TIBETANS STRUGGLE AS THEY DEAL WITH
AN ORWELLIAN GOVERNMENT
By Nick Gier, Professor Emeritus, University of Idaho (ngier@uidaho.edu)
To execute images go to www.class.uidaho.edu/ngier/tibet.htm
In 1999 I visited the Drepung Monastery, 3 miles outside of Lhasa. There I saw firsthand evidence of Chairman Mao's Red Guard attack in 1966. Political graffiti defaced the walls of the huge temple complex in which 10,000 monks used to reside. The Red Guards destroyed two of the four colleges, and they either killed or exiled all but 500 of the monks. Since 1959, an estimated 1 million Tibetans have died and 6,000 monasteries destroyed.

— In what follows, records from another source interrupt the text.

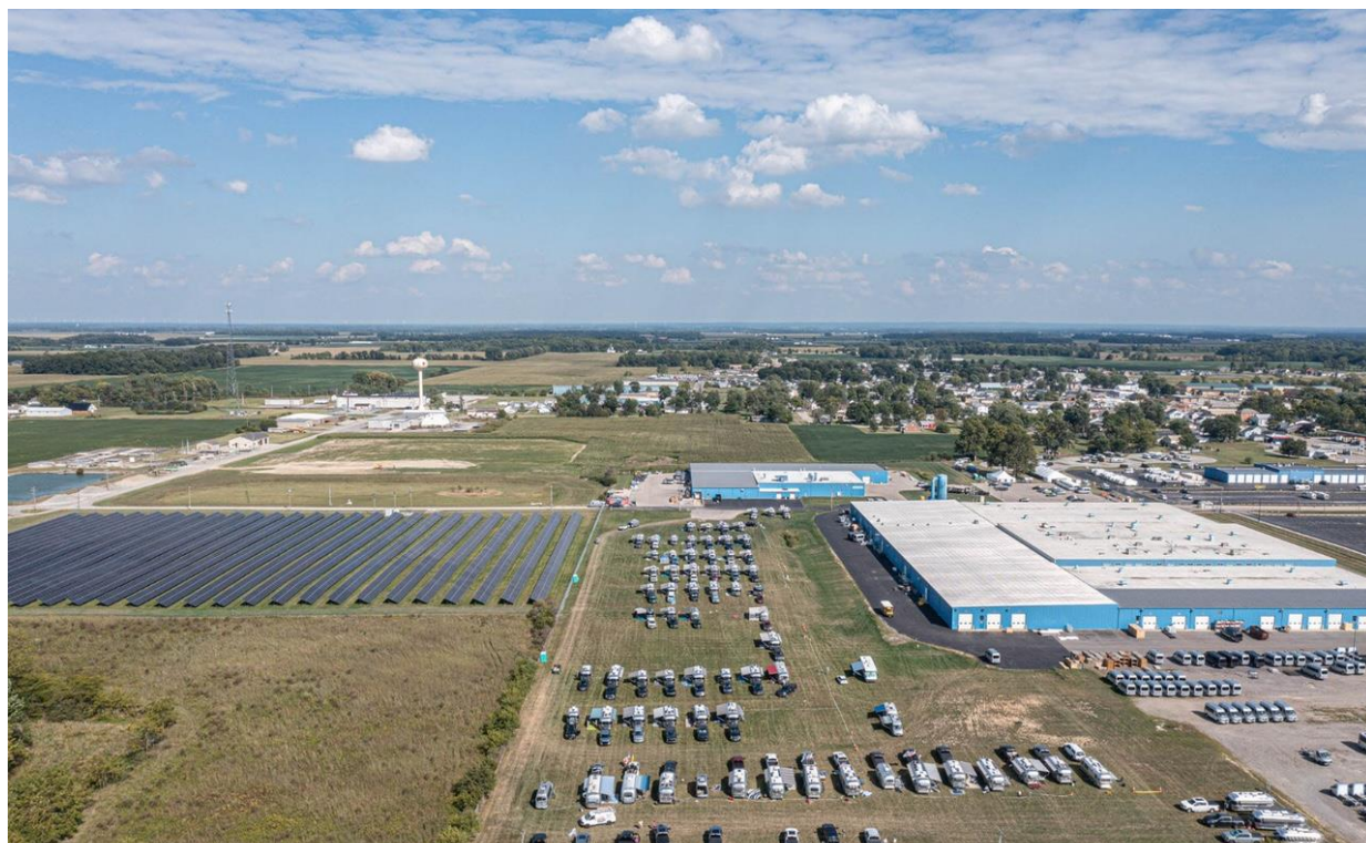
Rigs attending Alumapalooza parked in the field next to the original factory.
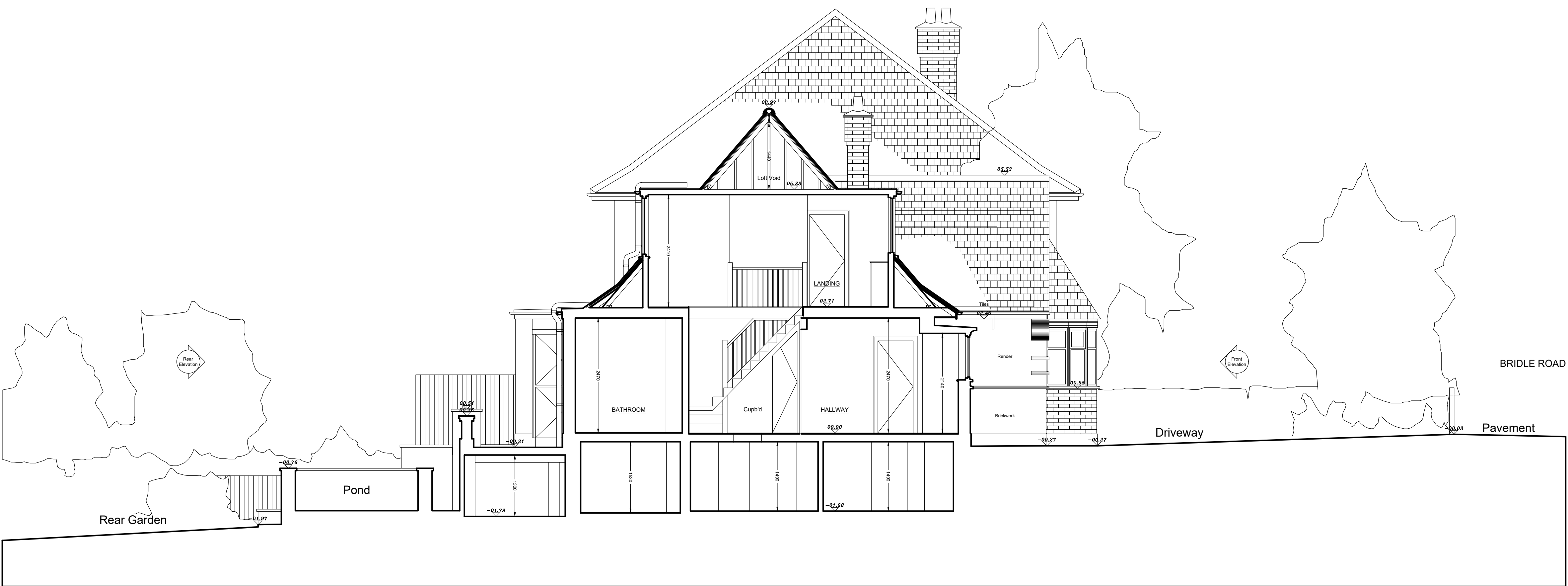
EXISTING CROSS SECTION A - A SCALE - 1 : 50

THE CONTRACTOR IS TO VERIFY ALL BUILDINGS AND SITE DIMENSIONS PRIOR TO COMMENCEMENT OF WORKS OR PREPARATION OF SHOP DRAWINGS. THIS DRAWING AND THE BUILDING WORKS DEPICTED ARE COPYRIGHT OF PT ARCHITECTS AND MAY NOT BE REPRODUCED EXCEPT BY WRITTEN PERMISSION. DO NOT SCALE FROM THIS DRAWING.
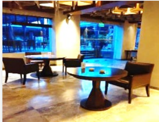
Social distance arrangement maintained between each table at the restaurant
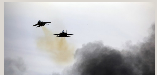
Israeli Air Force F-15 planes.

"Syria is paying an increasing price due to the Iranian presence on its territory for a war that is not [Syria's]," they added.
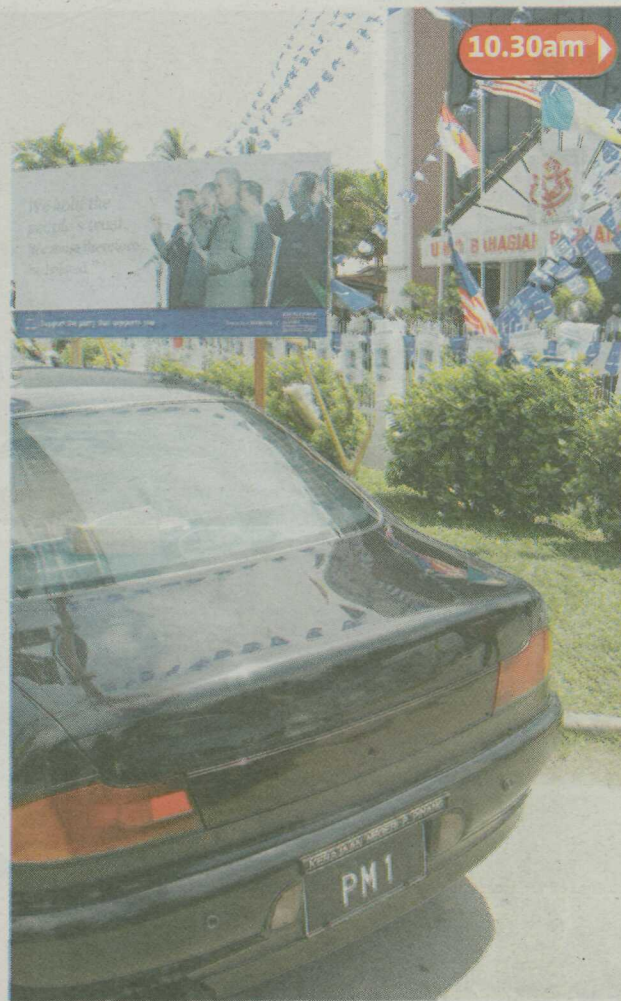
His car takes him to the Permatang Pauh Umno division building in Sungai Semambu for a ceramah .
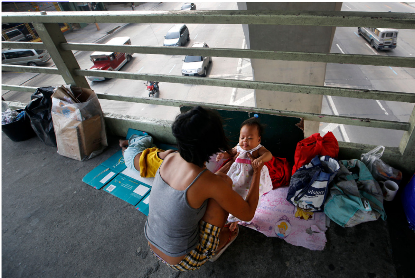
A mother with her children on a footbridge in Manila, Philippines, in 2014
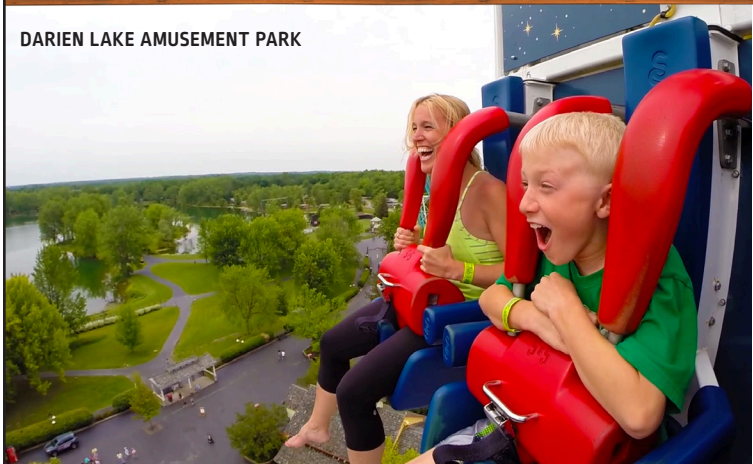
DARIEN LAKE AMUSEMENT PARK
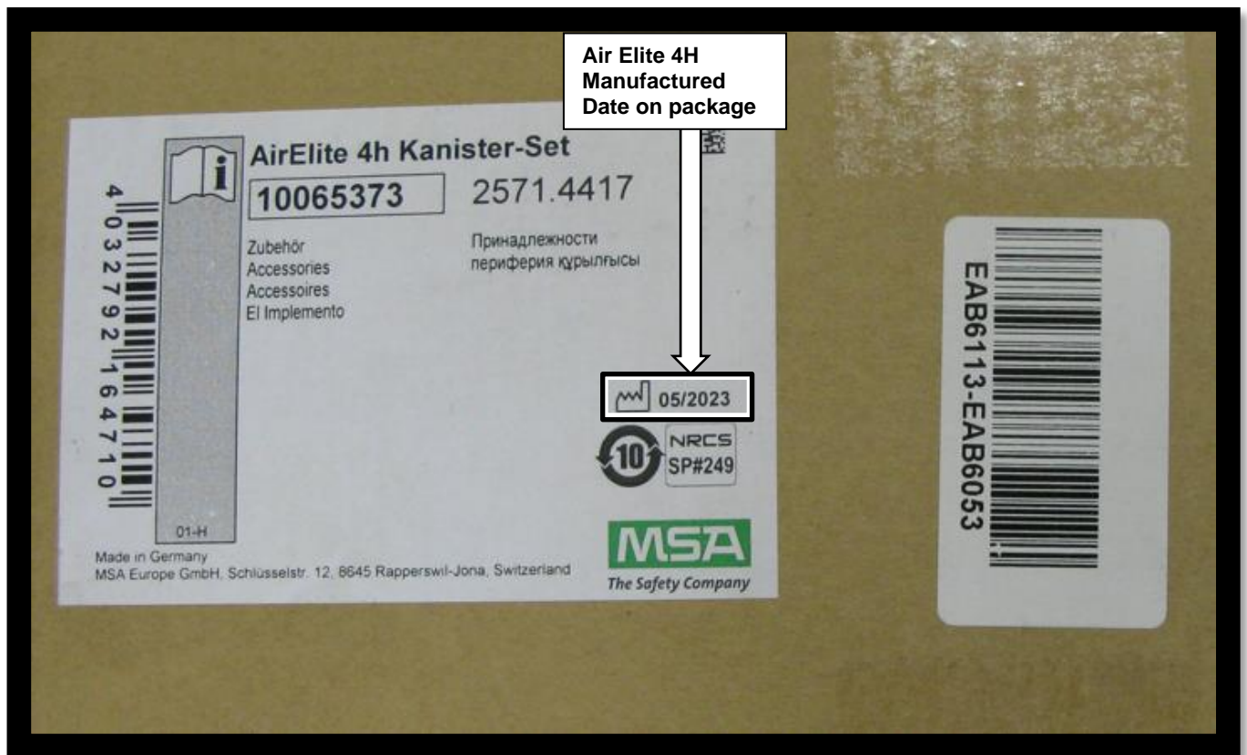
Figure 2 – Canister Manufacturing Date
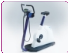
Interfaces with Ergoline and Lode Ergometers

Everywhere I went Tibetans either flashed a picture of the Dalai Lama, or asked if I could give them a picture. Possessing his picture is illegal, so I was surprised to find several his pictures on open display in a travel office I visited.
The Drepung monastery was in the news again in October, 2007, when monks openly celebrated the Dalai Lama's receipt of the Congressional Medal of Honor. Chinese police sealed off the monastery and arrested an unspecified number of monks. President Bush was the first U.S. president to appear in public with the Dalai Lama, and Chinese authorities were understandably irate.
Always ready to defend Tibetan rights, over 300 Drepung monks marched on Lhasa on March 10, 2008. Half way to the capital city, they were stopped by the police, many were beaten, and 50-60 were arrested. At Lhasa's Sera monastery, where I watched dramatic philosophy debates in 1999, 500 monks took to the streets shouting "we want an independent Tibet." Tibetan sources in India set the death toll at 99, but Chinese officials claim that their forces in Lhasa never opened fire. Western reporters confirmed that they did not hear any gunfire for at least 24 hours.
On March 14, Tibetans in Lhasa reacted to the suppression of the monks by throwing rocks at the police and setting fire to cars and Chinese businesses. About 1,000 Chinese shops were destroyed, and James Miles, reporter of The Economist, gave this eye-witness account: "Almost every business was either burned, looted, smashed into, the property therein hauled out into the streets, piled up, burned." One policeman, 11 Chinese, and one Tibetan were killed in this incident.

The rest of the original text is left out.